И мы пьем коньяк. Справа от меня сражаются в шахматы. Слева — шутят. Где я? Вваливается полупьяный человек. Он теребит взъерошенную бороду и обводит нас нежным взглядом. Взор его падает на коньяк, отрывается, возвращается к коньяку и с мольбой устремляется на капитана. Капитан тихо посмеивается. Человек, чувствуя прилив надежды, тоже смеется. Приглушенный смех передается присутствующим. Капитан потихоньку отодвигает бутылку, взгляд человека выражает отчаяние; и вот завязывается ребяческая игра — своего рода беззвучная пантомима, которая в этом густом дыму сигарет, в усталости бессонной ночи, сквозь образ предстоящей атаки кажется наваждением.
И мы играем, запертые в теплом трюме нашего корабля, а снаружи все учащаются взрывы, напоминающие удары волн.
Вскоре эти люди вытравят пот, алкоголь, ржавчину, растворив их в царской водке боевой ночи. Я чувствую, как близки они к очищению. Однако они еще танцуют, затягивая возможно дольше балет пьяницы и бутылки. Не заканчивают возможно дольше эту партию в шахматы, продлевая жизнь, насколько могут. Но они завели будильник, властвующий над ними с высоты этажерки. И звонок раздастся. Тогда люди встанут, потянутся, застегнут пояса. Капитан снимет с гвоздя свой револьвер. Пьяница протрезвится. И тогда, неторопливо, они войдут в проход, постепенно подымающийся к голубому прямоугольнику лунного света, произнесут что-нибудь совсем обычное: «Чертова атака…» или «Холодно!» И затем нырнут.

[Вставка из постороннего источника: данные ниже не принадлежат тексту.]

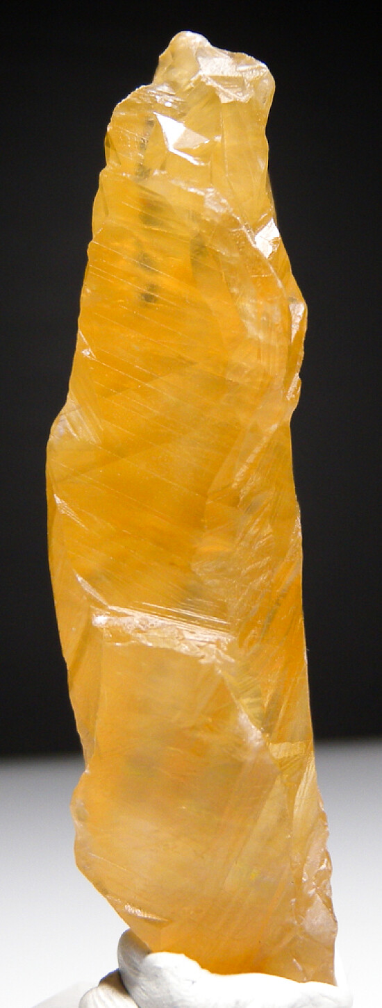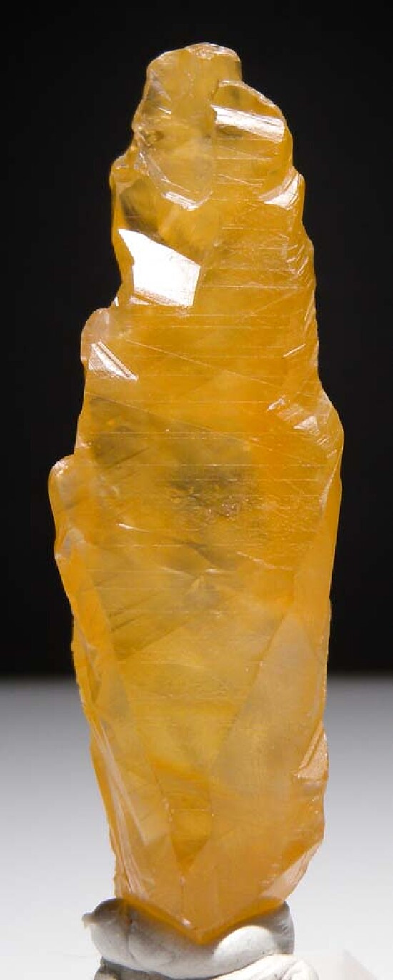Transparent golden Calcite crystal from the Merelani Tanzanite mines.This is uncommon as most Merelani Calcites I've seen have been white. It also has a very nice sculptural form. Nice addition to a Merelani suite or a Calcite collection. Valued at $150.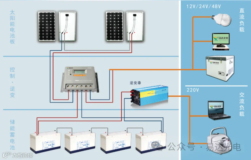 交流及交、直流混合光伏发电系统与直流光伏发电系统相比,交流光伏发电系统多了一个交流逆变器,用以把直流电转换成交流电,为交流负载提供电能。交、直流混合光伏发电系统既能为直流负载供电,也能为交流负载供电。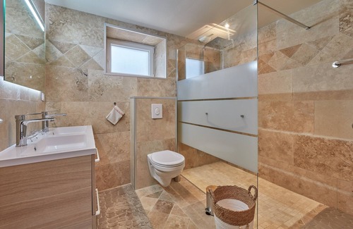 - Bedroom 2: double bed (140×190) and en-suite shower room with WC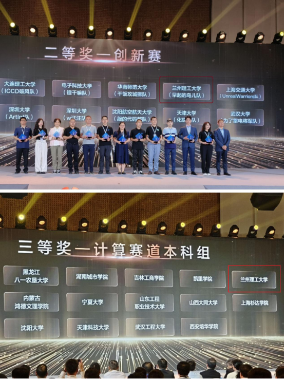 学生张保祺、崔勇、聂生元同学组成的“早起的鸟儿”代表队,荣获创新赛国赛二等奖;许铭轩、瞿则浩、胡鑫浩三位同学组成的代表队,在实践赛计算赛道以甘肃省第一名的成绩代表甘肃晋级全国总决赛,荣获计算赛道本科组三等奖。(撰稿:郑玉峰;审核:高国礼)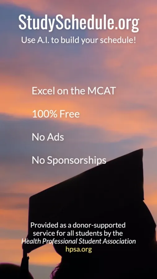 Donor-supported by the Health Professional Student Association members, StudySchedule.org is 100% free for all students.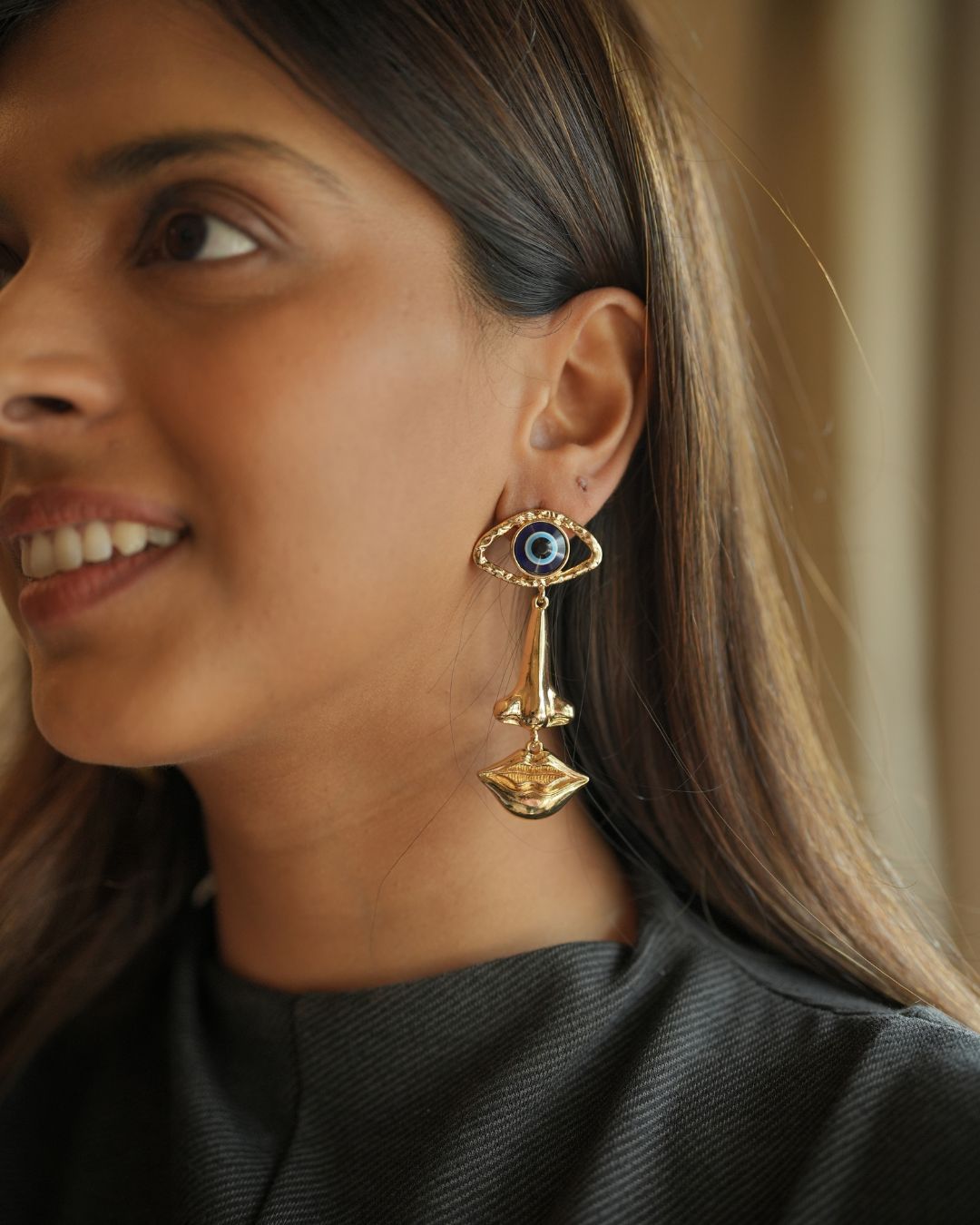 The Guardian Eyedrops feature a striking evil eye motif set in radiant gold, framed with...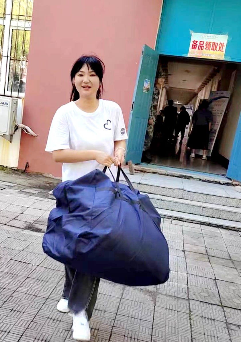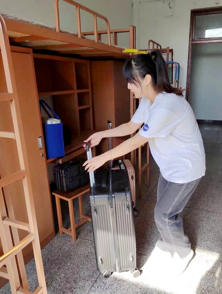 穿蓝马甲的健康与护理系学姐迎上去接过一个拉杆箱。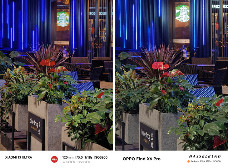 ? ? 這一組色彩對比比較強(qiáng)的場景中,很明顯小米13 Ultra更加濃郁、鮮艷,并擁有更高的對比度,即便使用的徠卡經(jīng)典模式拍攝,但紅色的燈籠與綠葉都十分生動;OPPO Find X6 Pro更加強(qiáng)調(diào)自然、柔和的色調(diào),畫面呈現(xiàn)出更為淡雅、溫暖的色調(diào),同時(shí)細(xì)節(jié)表現(xiàn)也相對較為柔和。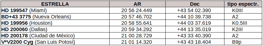 Cruzada la valla del río Bravo sin más alternativa que la pértiga en lugar de la barca, si habláramos de realidad, ya en terreno de los USA, nos dirigimos a Dallas, HD 200060, una siempre atrayente gigante roja que se encuentra a unos 200 pc de distancia que rivaliza con otra gigante roja del territorio tejano, HD 199956 (Houston), casi a la misma distancia, unos 225 pc.

Время подошло, и я увидел пробуждение сержанта. Он спал на железной койке посреди замусоренного погреба. Я смотрел, как он спит. Казалось, я сам ощущаю вкус этого безмятежного и такого счастливого сна.
Он напомнил мне о том первом дне в Ливийской пустыне, когда, выброшенные на песок, без воды, обреченные, мы с Прево смогли еще, — до того, как почувствовали уж очень сильную жажду, — один раз поспать; только один раз — целых два часа. Засыпая тогда, я понял, что обладаю замечательной властью — отбросить реальный мир. Мое тело пока не беспокоило меня, и, едва подложив руки под голову, я понял, что наступающая ночь ничем для меня не будет отличаться от обычной счастливой ночи.
Так спал и сержант, свернувшись калачиком, будто и не человек лежал на кровати; и когда те, кто пришел разбудить его, зажгли свечу, воткнув ее в горлышко бутылки, я вначале не различил ничего в этой бесформенной массе, кроме торчащих из нее башмаков. Огромных башмаков, подбитых гвоздями и подковками, башмаков батрака или докера.
Человек этот был обут в орудия труда, да на нем и не было ничего, кроме орудий: подсумки, револьверы, ремни, пояс. На нем было вьючное седло, хомут — вся сбруя рабочей лошади. Я видел в погребах Марокко слепых лошадей, вращающих жернова. Здесь, в дрожащем красноватом свете свечи, тоже будили слепую лошадь, чтобы она вращала свой жернов.